Scottish track and field athlete

Henry Maitland Macintosh (10 June 1892 – 26 July 1918) was a Scottish track and field athlete and winner of gold medal in 4 × 100 metres relay at the 1912 Summer Olympics.

Macintosh was born in Kelso and educated at Glenalmond College and Corpus Christi College, Cambridge. A sprinter, at the Stockholm Olympic Games, he was eliminated in the first round of the 100 metres and did not finish in the semi-final of the 200 metres. He won a gold medal in the second leg in the British 4 × 100 m relay team despite finishing second after the United States in the semifinal. The United States was later disqualified for a fault in passing the baton – the same mistake was made in the final by the world record holder and main favourite German team.

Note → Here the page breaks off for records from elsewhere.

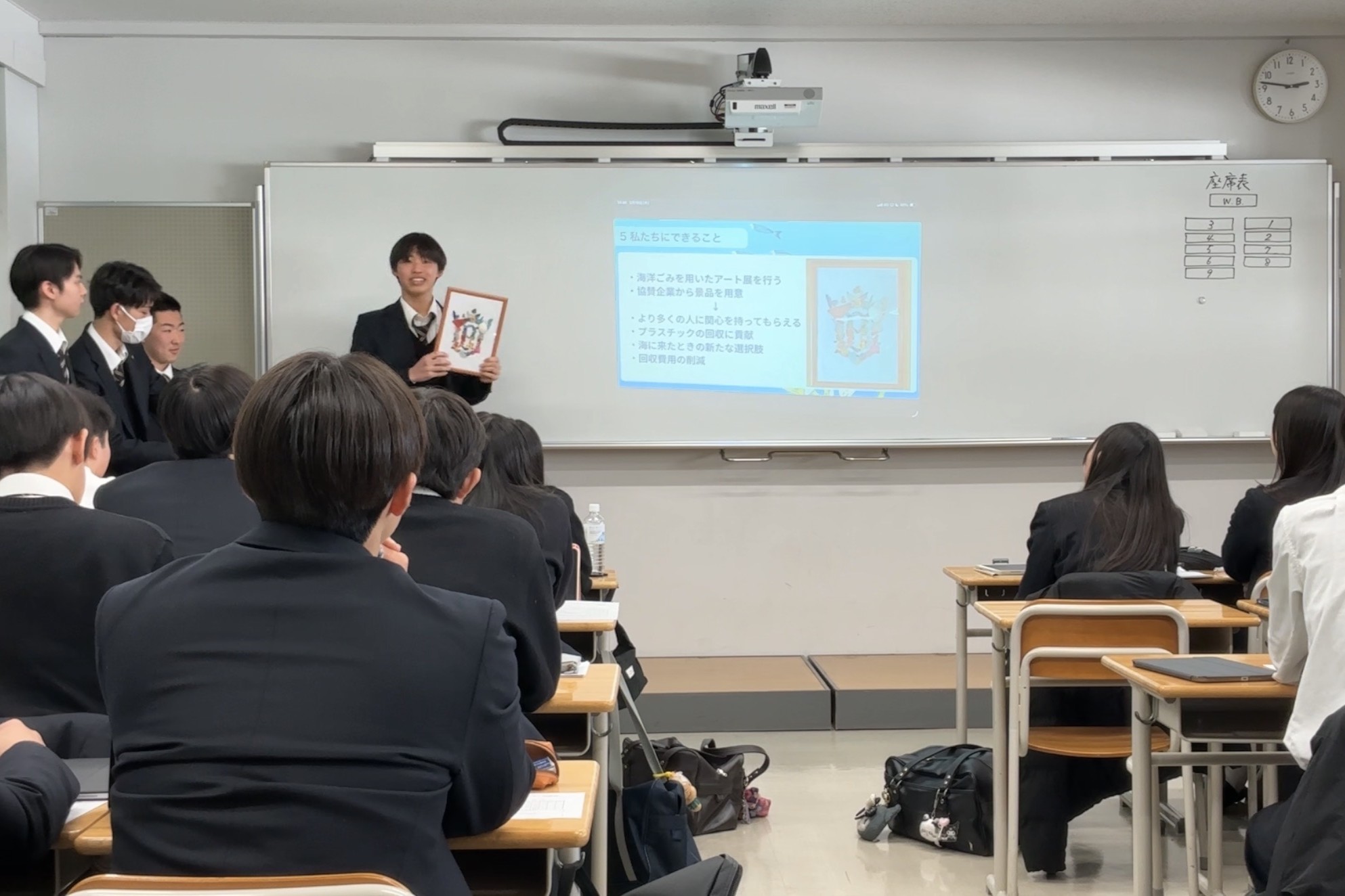 2月19日に3年3学期の取り組みの一つの到達点であるプレゼンテーション大会が実施されました。発表は、フィールドワークなど研究調査を通して議論し、問題点と解決法をパワーポイントにまとめたもので20分程度発表しました。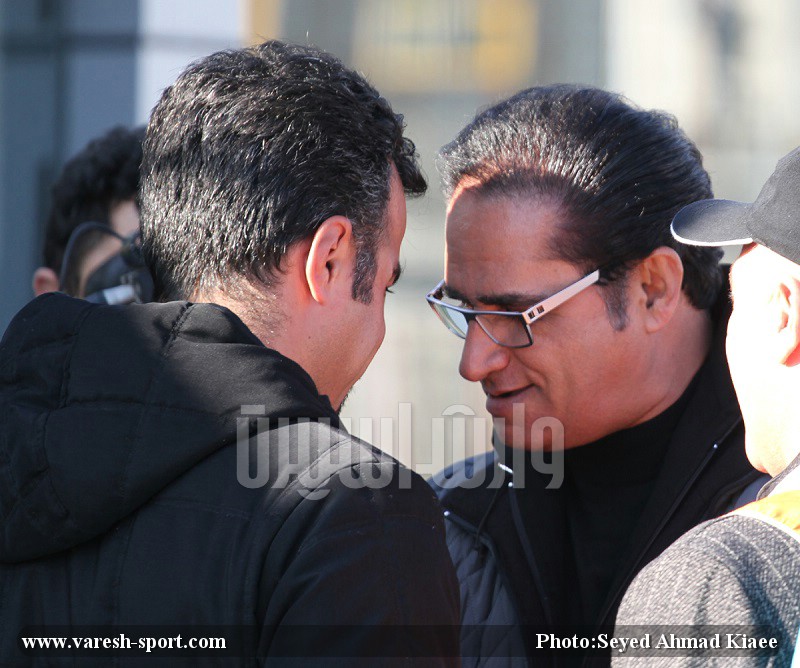 خوش وبش امید هرندی سرمربی داماش و محمدرضا مهاجری سرمربی سیاه جامگان در ابتدای مسابقه…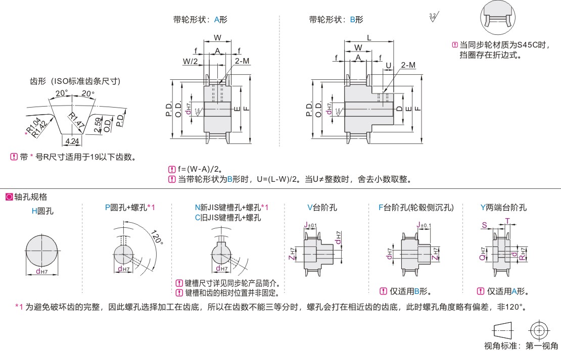 选购新JIS键槽孔+螺孔的轴孔直径10时 ,键槽尺寸可选择N-d10或N-d10K(请参阅同步轮产品简介)。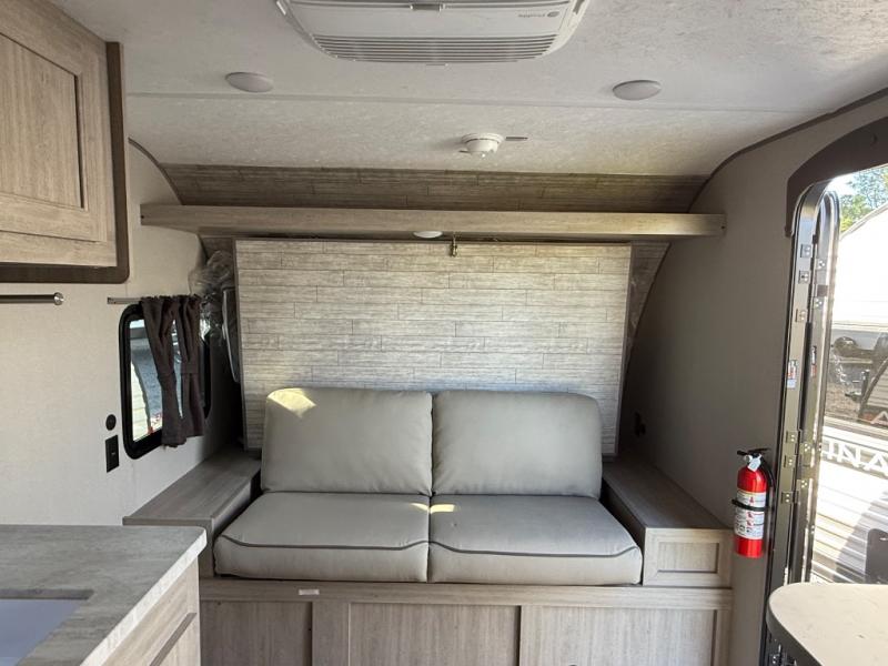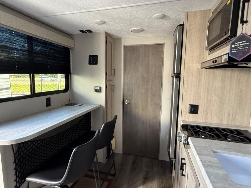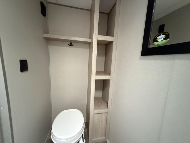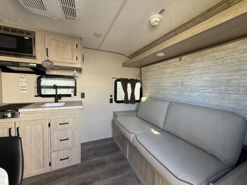 This couple's trailer will be perfect for all your outdoor adventures! There is a 60" x 74" Murphy bed up front with dual nightstands to keep your things tidy, and in the morning, you can fold up the bed to relax on the sofa. The bar top with two stools also includes storage below, plus there is a pantry and overhead storage for even more storage space. A full rear bath includes a 36" x 30" shower, a 12V 14" bath power vent fan, a marine toilet with foot flush, plus a linen closet to keep clean towels close by. This model also includes full kitchen amenities, including a GE two burner cooktop, a GE stainless microwave oven, plus a 3.3 cu. ft. 12V refrigerator to keep food fresh!

In 1913, Macintosh served as president of the Cambridge University Athletics Club, won the Scottish title, and equalled the British record for over 100 yards. He ran his last competition in 1914 and left for South Africa. After the start of World War I, he was commissioned into the Argyll and Sutherland Highlanders. He died as a captain at age 26 from wounds. He was buried in Senlis French National Cemetery.